*** Opening of Provided records ***

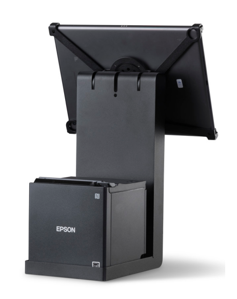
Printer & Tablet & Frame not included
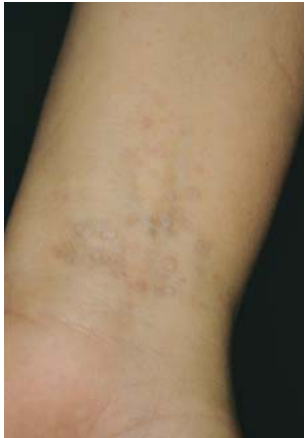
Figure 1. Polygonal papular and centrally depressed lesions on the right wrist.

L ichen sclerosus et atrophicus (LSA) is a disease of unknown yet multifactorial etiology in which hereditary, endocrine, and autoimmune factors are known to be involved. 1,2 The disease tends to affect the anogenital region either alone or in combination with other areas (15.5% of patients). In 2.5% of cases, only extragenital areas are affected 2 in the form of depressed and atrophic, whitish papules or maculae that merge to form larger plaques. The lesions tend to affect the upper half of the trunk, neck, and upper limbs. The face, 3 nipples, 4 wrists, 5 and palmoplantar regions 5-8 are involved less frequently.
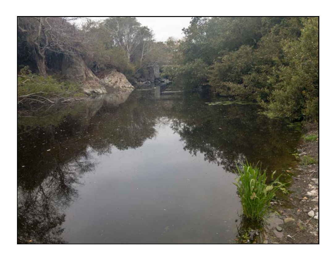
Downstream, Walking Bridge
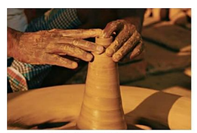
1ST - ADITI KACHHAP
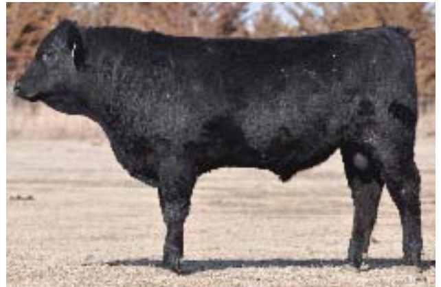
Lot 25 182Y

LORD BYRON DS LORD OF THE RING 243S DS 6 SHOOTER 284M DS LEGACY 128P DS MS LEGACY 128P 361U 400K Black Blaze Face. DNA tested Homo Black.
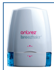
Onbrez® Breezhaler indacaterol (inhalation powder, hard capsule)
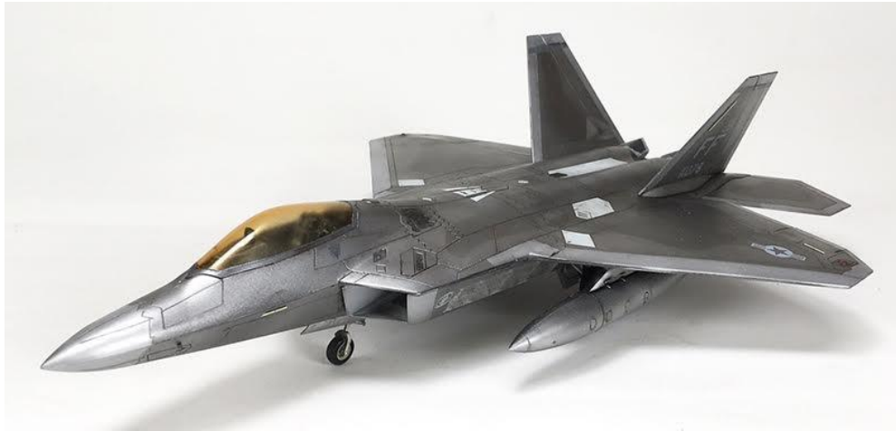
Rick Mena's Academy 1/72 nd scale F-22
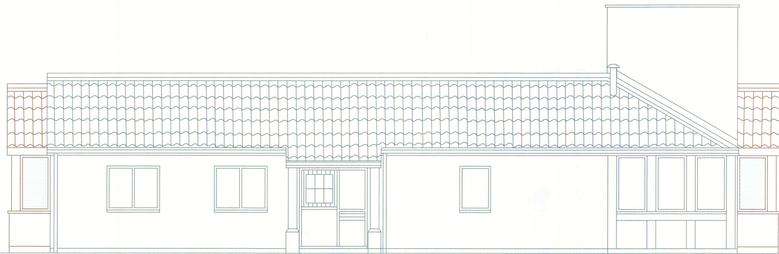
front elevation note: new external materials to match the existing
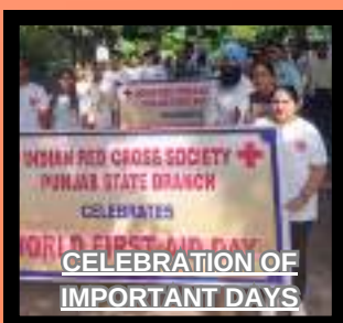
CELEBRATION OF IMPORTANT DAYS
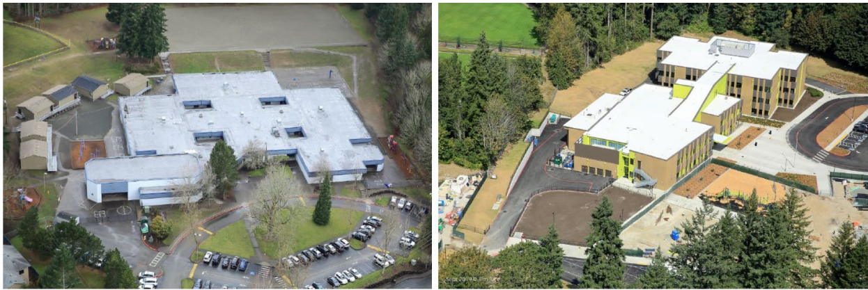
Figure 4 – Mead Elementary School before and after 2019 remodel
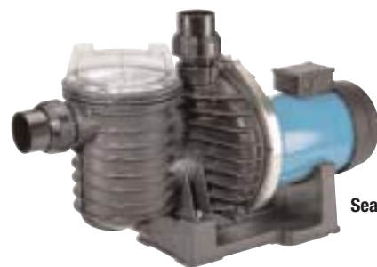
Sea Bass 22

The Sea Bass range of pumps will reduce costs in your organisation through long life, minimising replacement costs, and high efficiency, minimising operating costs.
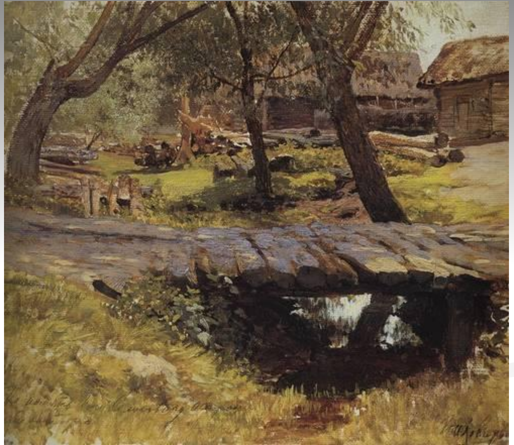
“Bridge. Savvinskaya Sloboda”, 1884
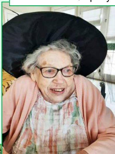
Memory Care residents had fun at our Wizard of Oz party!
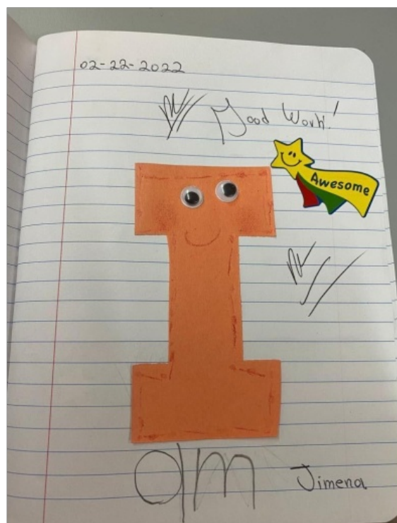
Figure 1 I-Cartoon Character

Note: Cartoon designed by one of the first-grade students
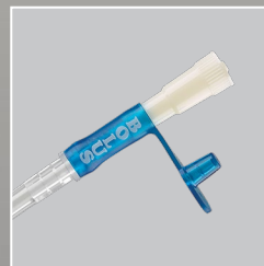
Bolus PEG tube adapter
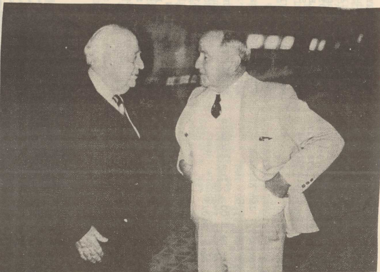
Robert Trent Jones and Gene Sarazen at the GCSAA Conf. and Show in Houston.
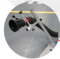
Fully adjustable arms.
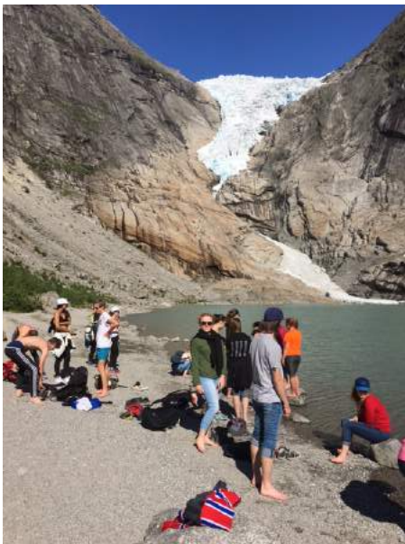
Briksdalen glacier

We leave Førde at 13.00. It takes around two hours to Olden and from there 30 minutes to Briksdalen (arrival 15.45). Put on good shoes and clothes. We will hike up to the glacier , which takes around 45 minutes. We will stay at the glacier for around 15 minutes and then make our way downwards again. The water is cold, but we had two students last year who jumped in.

*** Close of Provided records ***
*** Opening of Provided records ***

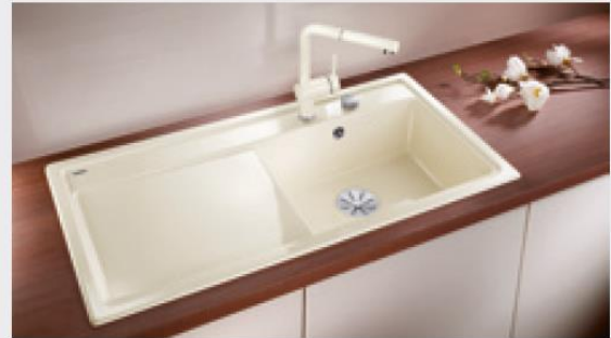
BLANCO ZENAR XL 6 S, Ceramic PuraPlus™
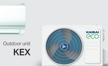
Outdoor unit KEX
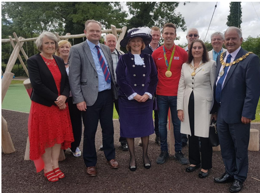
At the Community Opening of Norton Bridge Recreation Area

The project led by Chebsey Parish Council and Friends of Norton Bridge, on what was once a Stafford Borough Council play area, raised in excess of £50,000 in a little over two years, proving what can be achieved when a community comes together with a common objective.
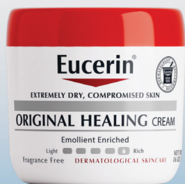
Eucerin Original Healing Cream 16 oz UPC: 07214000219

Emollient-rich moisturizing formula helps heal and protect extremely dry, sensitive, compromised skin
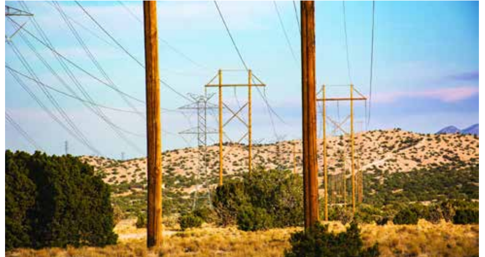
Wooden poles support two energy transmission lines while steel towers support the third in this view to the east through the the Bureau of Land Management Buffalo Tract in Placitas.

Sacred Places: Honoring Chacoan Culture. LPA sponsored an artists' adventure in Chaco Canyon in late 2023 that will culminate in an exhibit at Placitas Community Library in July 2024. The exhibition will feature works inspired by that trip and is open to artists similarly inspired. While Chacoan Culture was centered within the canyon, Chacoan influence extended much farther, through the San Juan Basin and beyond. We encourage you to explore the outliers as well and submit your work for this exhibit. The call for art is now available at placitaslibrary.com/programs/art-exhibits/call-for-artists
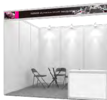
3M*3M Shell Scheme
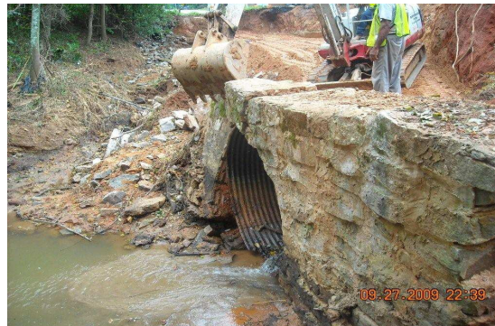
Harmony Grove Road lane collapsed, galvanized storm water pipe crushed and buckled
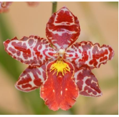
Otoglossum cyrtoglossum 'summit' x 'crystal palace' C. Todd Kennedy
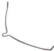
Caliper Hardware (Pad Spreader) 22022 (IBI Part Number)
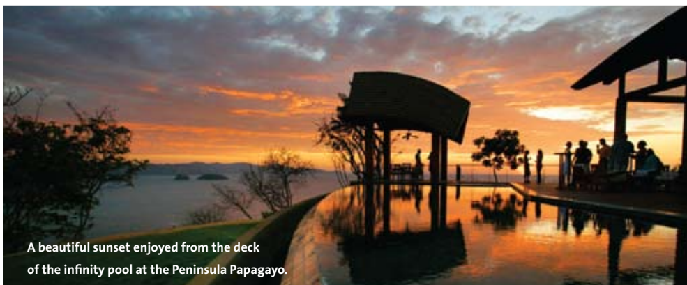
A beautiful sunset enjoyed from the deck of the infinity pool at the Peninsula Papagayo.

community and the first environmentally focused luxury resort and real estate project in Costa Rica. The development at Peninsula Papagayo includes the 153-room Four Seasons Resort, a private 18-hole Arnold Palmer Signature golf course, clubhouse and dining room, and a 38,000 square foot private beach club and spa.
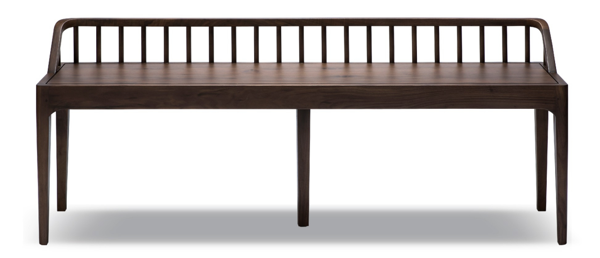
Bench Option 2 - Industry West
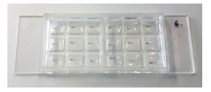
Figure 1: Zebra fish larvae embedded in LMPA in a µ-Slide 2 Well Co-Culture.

*** Close of Provided records ***
*** Opening of Provided records ***

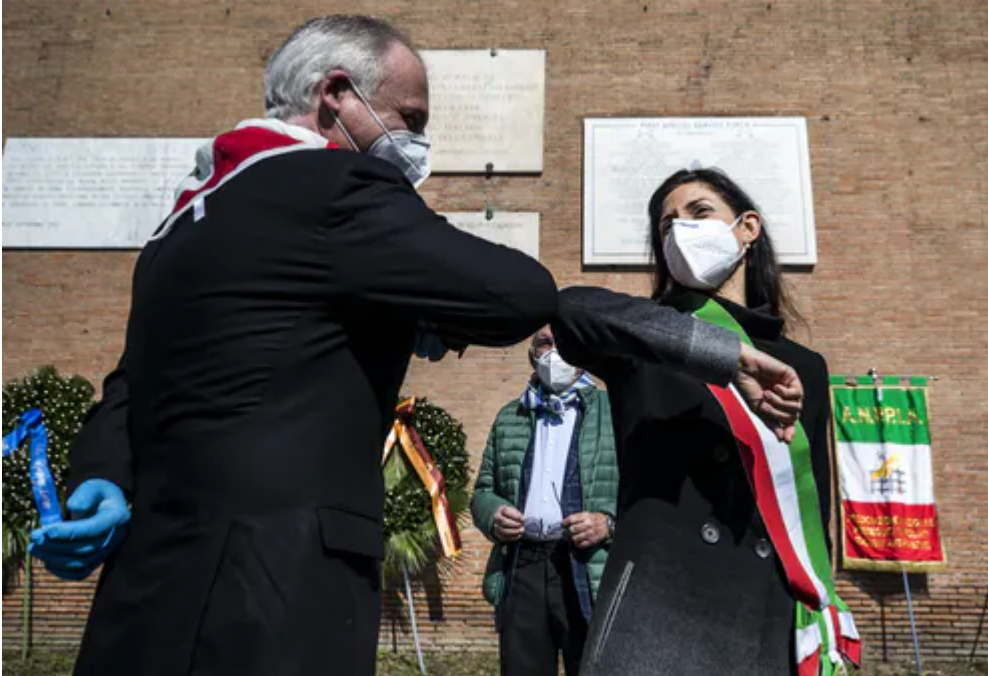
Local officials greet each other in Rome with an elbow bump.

*** Close of Provided records ***

# [Your objective]
From the records above, return exactly the lines running from the one that contains "Outdoor unit KEX" down to the one that contains "At the Community", both included, without any pictures.

# [Task response]
Outdoor unit KEX
At the Community Opening of Norton Bridge Recreation Area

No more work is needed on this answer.